Basic survival in Linux (or rather in Bash)
- Name and describe at least two options for each of the following
commands in bash: ls, sort, cut, iconv, grep (1 point).
- Give examples of what the .bashrc file can be used for (1 point).
- Explain how command line pipelining works (1 point).
- Create a bash script that counts the total number of words in all *txt files in all subdirectories of the current directory (2 points).
- You created a new file called
doit.sh
and wrote some Bash commands into it,
e.g.:
echo "ls -t | head -n 5 | cat -n" > doit.sh
How do you run it now? (1 point)
- What do you think the following command does?
ls -t | head -n 5 | cat -n
How would you check what it really does (without running it)? (1 point)
Character encoding
- Explain the notions "character set" and "character encoding" (1 point).
- Explain the main properties of ASCII (1 point).
- What 8-bit encoding do you know for Czech or other European languages (or your native language)? Name at least three. How do they differ from ASCII? (1 point)
- What is Unicode and what Unicode encodings do you know? (1 point)
- Explain the relation between UTF-8 and ASCII. (1 point)
- How can you detect the encoding of a file? (1 point)
- You have three files containing identical Czech text. One of them is encoded
using the ISO charset, one of them uses UTF-8, and one uses UTF-16. How can
you tell which is which? (1 point)
- How would you proceed if you are supposed to read a file encoded in ISO-8859-1, add a line number to each line and store it in UTF8? (a source code snippet in your favourite programming language is expected here) (2 points)
- Name three Unicode encodings (1 point).
- Explain the size difference between a file containing a text
in Czech (or in your native language) stored in an 8-bit encoding
and the same file stored in UTF-8. (1 point)
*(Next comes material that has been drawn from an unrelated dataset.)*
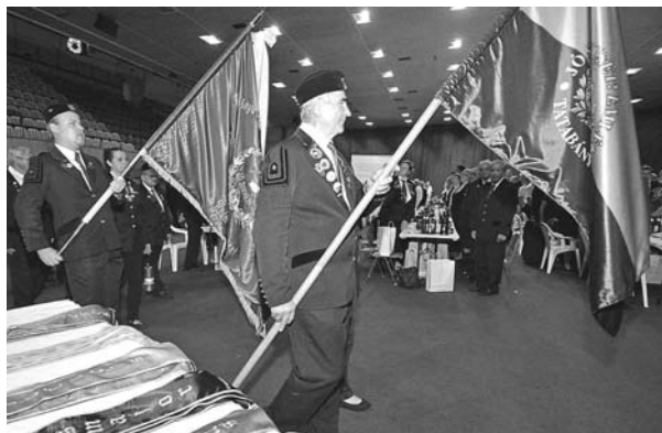
4. kép: Nyílt Szakestély – zászlók bevonulása

A Szakestély , egyben az Új MÁK Rt. alakuló közgyűlése a regisztrációval indult, a regisztráltak elfoglalták helyeiket részvényeikkel és korszóikkal. Majd a történelmi MÁK Rt. zászlót követve a társszervezetek

- How do you convert a file from one encoding to another, for instance from a non-UTF-8 encoding to UTF-8? (1 point)
- Write a Python script that reads a text content from STDIN encoded in ISO-8859-2 and prints it to STDOUT in utf8. (2 points)
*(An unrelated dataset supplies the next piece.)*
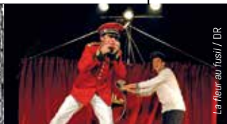
La fleur au fusil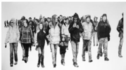
Axel Roy, Nadir , 2021, graphite sur papier, 150 x 300 cm

- Explain what BOM is (in the context of file encoding). (1 point)
Text-processing in Bash
- Using the Bash command line, get all lines from a file that contain one or two digits, followed by a dot or a space. (1 point)
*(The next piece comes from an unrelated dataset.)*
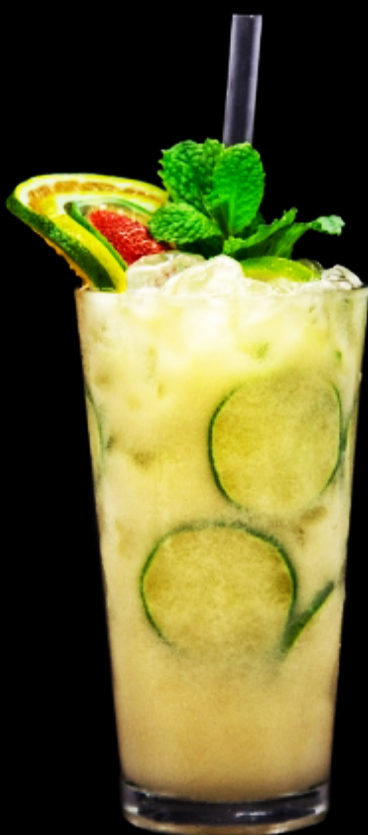
CAIPIRINHA LUCENA Vodka nacional com maracujá, abacaxi, limão e hortelã.

CAIPIRINHA DE RAPADURA 38,00 (Limão taiti e siciliano adoçada com rapadura)

- Using the Bash command line, remove all punctuation from a given file. (1 point)
- Using the Bash command line, split text from a given file into words, so that there is one word on each line. (1 point)
- Using the Bash command line, download a webpage from a given URL and print the frequency list of opening HTML tags contained in the page. (2 points)
- Using the Bash command line, print out the first 5 lines of each file (in the current directory) whose name starts with "abc". (2 points)
- Using the Bash command line, find the most frequent word in a text file. (2 points)
- Assume you have some linguistically analyzed text in a tab-separated file (TSV). You are just
interested in the word form, which is in the second column, and the
part-of-speech tag, which is in the fourth column. How do you extract only
this information from the file using the Bash command line? (2 points)
-
Create a Makefile with three targets. The "download" target downloads the
webpage
nic.nikde.eu
into a file, the "show" target prints out the file, and the "clean" target
deletes the file. (2 points)
- Create a Makefile with two targets. When the first target is called,
a web page is downloaded from a given URL. When the second
target is called, the number of HTML paragraphs (<p> elements) contained in the
file is printed. (2 points)
- Suppose there is a plain-text file containing an English text.
Write a Bash pipeline of commands which prints the frequency list
of 50 most frequent tokens contained in the
text. (Simplification: it is sufficient to use only whitespace
characters as token separators) (2 points).
- Assume you have some linguistic data in a text file. However, some lines are
comments (these lines start with a "#" sign) and some lines are empty, and you
are not interested in those. How do you get only the non-empy non-comment
lines using the Bash command line? (2 points)
- Assume you have some linguistically analyzed text in a comma-separated file
(CSV). The first column is the token index -- for regular tokens, this is
simply a natural number (e.g. 1 or 128), for multiword tokens this is a
number range (e.g. 5-8), and for empty tokens it is a decimal number (e.g.
6.1). How do you get only the lines that contain a regular token? (2 points)
- Explain the following bash code:
grep . table.txt | rev | cut -f2,3 | rev
(1 point)
- Create a bash script that reads an English text from STDIN and prints only interrogative sentences extracted from the text to STDOUT, one sentence per line (simplification: let's suppose that sentences can be ended only by fullstops and questionmarks). (2 points)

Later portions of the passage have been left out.